Non-blocking gaps remain out of scope for this v1 plan:
- Full DDL-style `entity_details` formatting with FK profile summaries.
- AST-backed SQL read-only validation for data-modifying CTE bodies.
- Search over generated `enrichment/descriptions.json`.
- Lexicographic latest-sync edge cases for non-timestamp sync IDs.
- Hard write-time validation in `wiki_write` and `emit_unmapped_fallback`.
## File structure
Modify these files:
- `packages/context/src/ingest/tools/warehouse-verification/warehouse-catalog.service.ts`:
add `connectionName` to raw schema hit records.

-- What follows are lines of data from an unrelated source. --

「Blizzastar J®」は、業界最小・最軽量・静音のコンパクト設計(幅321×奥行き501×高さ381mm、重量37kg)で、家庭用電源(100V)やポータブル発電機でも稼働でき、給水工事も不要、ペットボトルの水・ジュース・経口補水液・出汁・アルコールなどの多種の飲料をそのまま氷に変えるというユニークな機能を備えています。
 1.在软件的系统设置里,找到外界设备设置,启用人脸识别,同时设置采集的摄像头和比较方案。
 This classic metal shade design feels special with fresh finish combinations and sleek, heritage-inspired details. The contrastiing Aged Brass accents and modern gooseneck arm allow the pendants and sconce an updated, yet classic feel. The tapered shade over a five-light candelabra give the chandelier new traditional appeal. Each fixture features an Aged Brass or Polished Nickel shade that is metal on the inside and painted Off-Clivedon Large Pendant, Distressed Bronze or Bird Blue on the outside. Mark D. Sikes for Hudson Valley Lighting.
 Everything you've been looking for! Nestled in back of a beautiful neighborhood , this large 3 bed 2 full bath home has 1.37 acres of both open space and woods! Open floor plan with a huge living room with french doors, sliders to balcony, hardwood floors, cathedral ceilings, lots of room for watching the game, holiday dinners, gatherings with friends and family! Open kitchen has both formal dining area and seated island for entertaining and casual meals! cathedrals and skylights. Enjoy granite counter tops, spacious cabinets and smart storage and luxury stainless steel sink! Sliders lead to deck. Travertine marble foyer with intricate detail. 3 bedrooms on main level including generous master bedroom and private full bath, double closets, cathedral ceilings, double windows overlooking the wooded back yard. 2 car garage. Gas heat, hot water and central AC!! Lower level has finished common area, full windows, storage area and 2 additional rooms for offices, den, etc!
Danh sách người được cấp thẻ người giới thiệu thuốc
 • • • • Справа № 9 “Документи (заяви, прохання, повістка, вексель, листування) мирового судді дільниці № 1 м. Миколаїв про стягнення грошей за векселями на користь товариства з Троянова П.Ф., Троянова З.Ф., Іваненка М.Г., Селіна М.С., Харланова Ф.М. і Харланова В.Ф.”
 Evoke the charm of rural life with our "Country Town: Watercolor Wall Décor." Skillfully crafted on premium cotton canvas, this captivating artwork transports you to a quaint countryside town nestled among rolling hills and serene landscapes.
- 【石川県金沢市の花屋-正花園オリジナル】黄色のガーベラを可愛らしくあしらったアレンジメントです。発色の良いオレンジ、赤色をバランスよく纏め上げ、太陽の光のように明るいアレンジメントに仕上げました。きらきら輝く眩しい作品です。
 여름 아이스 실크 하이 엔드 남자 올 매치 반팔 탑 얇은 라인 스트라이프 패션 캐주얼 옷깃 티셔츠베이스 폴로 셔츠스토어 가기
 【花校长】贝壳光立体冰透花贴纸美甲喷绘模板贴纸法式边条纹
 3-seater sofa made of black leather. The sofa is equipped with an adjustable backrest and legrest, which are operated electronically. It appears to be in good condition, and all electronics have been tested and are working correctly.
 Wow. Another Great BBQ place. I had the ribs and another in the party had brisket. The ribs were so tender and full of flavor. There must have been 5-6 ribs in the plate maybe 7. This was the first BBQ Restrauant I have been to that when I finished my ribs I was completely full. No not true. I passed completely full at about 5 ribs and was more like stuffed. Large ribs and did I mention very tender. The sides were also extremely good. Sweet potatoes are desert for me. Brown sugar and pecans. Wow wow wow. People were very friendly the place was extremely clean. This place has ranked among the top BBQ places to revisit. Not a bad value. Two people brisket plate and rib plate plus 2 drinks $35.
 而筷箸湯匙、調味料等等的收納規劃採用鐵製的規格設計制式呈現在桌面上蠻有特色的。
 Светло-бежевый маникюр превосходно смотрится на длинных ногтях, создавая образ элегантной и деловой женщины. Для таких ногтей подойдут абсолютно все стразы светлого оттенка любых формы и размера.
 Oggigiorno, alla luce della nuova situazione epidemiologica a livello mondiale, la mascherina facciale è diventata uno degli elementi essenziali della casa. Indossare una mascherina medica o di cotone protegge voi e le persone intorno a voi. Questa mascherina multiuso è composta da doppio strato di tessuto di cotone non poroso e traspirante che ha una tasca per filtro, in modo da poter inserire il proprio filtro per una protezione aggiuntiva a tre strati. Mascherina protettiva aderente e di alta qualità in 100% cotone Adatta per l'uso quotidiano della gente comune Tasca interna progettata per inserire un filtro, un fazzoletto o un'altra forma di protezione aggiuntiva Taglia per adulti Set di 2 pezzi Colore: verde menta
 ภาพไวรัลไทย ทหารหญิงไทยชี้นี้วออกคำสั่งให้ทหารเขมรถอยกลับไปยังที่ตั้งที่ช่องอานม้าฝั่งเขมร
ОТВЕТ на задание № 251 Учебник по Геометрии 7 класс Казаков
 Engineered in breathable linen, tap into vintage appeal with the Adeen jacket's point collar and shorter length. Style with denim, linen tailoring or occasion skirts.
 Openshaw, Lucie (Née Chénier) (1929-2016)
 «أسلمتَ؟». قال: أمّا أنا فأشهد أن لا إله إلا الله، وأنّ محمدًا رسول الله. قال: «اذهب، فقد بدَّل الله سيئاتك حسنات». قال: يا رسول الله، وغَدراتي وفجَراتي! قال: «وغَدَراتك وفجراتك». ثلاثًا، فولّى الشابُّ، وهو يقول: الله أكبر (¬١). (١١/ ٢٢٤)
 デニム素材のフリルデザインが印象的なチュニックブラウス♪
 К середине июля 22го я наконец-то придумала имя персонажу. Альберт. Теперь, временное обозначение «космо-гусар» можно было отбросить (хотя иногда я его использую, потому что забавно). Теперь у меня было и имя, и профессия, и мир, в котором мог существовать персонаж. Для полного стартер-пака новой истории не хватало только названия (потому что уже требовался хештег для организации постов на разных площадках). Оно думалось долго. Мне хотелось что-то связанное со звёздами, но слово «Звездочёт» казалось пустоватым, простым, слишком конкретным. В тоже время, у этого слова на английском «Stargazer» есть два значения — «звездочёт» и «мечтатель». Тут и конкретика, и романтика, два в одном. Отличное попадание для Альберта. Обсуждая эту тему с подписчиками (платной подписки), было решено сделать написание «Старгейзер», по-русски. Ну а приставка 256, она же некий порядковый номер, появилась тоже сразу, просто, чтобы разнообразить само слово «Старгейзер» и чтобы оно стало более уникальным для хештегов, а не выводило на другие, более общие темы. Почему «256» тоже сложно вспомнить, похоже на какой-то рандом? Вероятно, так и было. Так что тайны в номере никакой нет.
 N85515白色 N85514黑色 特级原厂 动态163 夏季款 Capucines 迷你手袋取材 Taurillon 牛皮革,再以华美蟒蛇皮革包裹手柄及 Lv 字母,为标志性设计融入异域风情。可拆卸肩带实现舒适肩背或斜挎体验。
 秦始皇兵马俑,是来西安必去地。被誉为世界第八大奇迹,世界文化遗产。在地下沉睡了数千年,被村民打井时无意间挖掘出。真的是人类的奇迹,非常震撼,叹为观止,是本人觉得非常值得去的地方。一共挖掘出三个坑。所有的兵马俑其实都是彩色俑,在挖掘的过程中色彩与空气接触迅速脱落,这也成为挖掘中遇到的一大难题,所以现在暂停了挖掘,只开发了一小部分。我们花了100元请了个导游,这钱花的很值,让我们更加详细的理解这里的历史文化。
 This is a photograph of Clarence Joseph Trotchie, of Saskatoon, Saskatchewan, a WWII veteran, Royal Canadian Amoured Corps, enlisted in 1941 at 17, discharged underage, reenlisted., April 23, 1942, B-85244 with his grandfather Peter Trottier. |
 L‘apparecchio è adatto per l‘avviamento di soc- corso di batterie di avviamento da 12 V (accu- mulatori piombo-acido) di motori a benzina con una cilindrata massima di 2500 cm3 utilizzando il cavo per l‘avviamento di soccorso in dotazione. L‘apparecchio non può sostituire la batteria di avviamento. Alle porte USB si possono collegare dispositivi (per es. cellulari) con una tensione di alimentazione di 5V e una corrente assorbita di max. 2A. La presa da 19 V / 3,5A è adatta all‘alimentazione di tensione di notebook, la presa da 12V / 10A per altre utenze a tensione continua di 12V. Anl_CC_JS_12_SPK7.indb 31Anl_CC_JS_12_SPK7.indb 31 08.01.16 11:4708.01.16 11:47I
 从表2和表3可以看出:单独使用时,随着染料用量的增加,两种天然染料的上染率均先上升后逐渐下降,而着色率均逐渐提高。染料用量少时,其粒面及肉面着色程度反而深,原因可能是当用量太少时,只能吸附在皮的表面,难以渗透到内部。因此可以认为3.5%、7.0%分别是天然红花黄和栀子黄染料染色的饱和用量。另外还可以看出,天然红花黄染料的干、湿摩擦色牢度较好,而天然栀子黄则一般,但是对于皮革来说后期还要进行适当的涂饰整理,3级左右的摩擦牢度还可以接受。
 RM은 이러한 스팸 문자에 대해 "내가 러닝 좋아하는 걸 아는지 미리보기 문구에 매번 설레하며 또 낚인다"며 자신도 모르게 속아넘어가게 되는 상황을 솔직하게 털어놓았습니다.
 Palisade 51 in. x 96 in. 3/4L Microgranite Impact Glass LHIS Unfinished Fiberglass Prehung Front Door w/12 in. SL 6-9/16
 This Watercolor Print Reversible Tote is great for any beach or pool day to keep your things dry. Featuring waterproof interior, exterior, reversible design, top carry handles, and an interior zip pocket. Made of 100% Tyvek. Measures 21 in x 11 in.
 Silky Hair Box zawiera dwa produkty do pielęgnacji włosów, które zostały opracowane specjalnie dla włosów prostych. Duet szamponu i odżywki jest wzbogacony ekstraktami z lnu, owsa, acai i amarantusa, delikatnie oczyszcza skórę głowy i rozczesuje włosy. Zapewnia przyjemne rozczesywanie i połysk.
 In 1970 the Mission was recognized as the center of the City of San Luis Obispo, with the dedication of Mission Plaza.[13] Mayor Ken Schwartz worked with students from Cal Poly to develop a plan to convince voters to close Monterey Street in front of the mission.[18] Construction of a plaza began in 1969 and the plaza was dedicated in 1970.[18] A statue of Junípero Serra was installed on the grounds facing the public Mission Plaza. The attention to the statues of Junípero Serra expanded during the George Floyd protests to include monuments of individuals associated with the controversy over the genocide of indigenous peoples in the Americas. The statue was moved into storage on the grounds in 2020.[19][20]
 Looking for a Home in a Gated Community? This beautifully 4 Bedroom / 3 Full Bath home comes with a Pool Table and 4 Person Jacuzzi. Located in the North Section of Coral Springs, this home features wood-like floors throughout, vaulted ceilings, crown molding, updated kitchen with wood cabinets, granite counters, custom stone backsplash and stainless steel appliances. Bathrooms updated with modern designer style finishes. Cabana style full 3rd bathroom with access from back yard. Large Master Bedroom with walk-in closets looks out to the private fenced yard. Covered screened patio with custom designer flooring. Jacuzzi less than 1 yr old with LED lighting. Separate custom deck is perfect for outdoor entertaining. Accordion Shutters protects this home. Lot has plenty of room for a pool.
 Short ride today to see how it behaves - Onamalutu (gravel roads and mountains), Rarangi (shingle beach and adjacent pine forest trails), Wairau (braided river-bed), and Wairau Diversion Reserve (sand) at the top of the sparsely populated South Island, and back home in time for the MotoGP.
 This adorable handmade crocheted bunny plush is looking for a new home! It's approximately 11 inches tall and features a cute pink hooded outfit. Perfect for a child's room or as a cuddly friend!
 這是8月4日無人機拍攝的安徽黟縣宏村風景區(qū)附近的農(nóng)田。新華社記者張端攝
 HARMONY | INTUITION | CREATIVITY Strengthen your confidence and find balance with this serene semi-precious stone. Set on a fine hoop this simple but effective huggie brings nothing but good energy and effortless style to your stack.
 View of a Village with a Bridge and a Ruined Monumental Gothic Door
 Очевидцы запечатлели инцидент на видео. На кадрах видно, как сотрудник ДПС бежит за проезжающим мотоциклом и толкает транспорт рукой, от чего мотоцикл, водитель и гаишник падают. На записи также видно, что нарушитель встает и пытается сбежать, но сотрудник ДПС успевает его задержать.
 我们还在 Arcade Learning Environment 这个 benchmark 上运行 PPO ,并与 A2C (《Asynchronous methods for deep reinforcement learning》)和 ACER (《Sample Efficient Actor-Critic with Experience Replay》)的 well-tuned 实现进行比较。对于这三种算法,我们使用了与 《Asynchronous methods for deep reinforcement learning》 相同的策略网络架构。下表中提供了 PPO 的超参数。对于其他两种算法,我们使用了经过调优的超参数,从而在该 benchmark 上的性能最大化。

- `packages/context/src/ingest/tools/warehouse-verification/discover-data.tool.ts`:
render raw hit connection names and preserve them in structured output.
- `packages/context/src/ingest/tools/warehouse-verification/discover-data.tool.test.ts`:
cover multi-connection raw discovery follow-up data.
- `packages/context/src/ingest/adapters/lookml/lookml.adapter.ts`:
accept and return configured target warehouse connection IDs.
- `packages/context/src/ingest/adapters/lookml/lookml.adapter.test.ts`:
cover LookML target warehouse IDs.
- `packages/context/src/ingest/adapters/metricflow/metricflow.adapter.ts`:
accept and return configured target warehouse connection IDs.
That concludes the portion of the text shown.